Figure 9. Schematic diagram of the proposed evolutionary histories of ACE2-utilizing spike proteins in sarbecoviruses. For simplicity, only RBDs are shown here. In this evolutionary scenario, two distinct progenitors are developed into SARS-CoV and SARS-CoV-2 clades via parallel insertions and point mutations followed by sequence optimization. ACE2 utilizing and non-utilizing are denoted by minus and plus signs, respectively.
The emergence of a trait from an evolutionary point of view is unlikely to originate more than once by chance and therefore three times of independent origins of ACE2 binding must have been driven by a common selective pressure. Although it is known that viruses and their hosts are locked in an evolutionary arm race (Yap et al., 2020), the fact the ancestral sarbecoviruses still infected bats after they had evolutionarily gained ACE2 binding suggests that the development of the trait is more likely to commonly deal with the insertion-caused decrease in the binding ability of their RBDs to the unknown host receptor other than to circumvent the bats’ defences due to resistance acquirement by the hosts in the arm race. This can be considered as a compensation mechanism during virus evolution and represents an example of mutation-driven evolution of new function (Nei, 2013). A new study provides further support for this opinion. In this study, it was found that the evolutionary gain of an insert in the loop of a nematode defensin leads to the emergence of a new antibacterial function (Gu et al., 2022). Such an insertion event also independently occurred in its ortholog from a genetically distant nematode species (Gu et al., 2018).
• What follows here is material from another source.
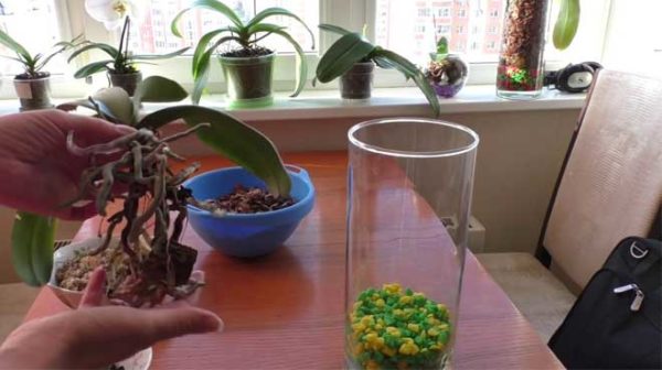 난초용 유리 화병은 햇빛이 뿌리에 닿도록 하여 뿌리 건강에 도움을 줍니다. 하지만 이러한 용기는 통풍이 잘 되지 않기 때문에 숙련된 기술과 경험이 필요합니다. 이는 뿌리에 물을 너무 많이 주어 난초의 건강에 해로울 수 있습니다. 정원사가 유리 화병에 팔레놉시스를 키우기로 결정했다면, 적절한 배수를 제공해야 합니다. 가장 쉬운 방법은 플라스틱 용기에 식물을 심고, 화분을 아무 화병에나 꽂는 것입니다.

In particular, our opinion can overall satisfy all four criteria regarding parallel adaptive evolution at the protein sequence level (Zhang, 2006): (1) Similar changes in RBD function occur in three independent evolutionary clades; (2) Parallel amino acid mutations (both insertion and substitution) are observed in these RBDs; (3) A compensation mechanism in receptor usage likely commonly driving their evolution; (4) The parallel mutations are responsible for the parallel emergence of ACE2 binding.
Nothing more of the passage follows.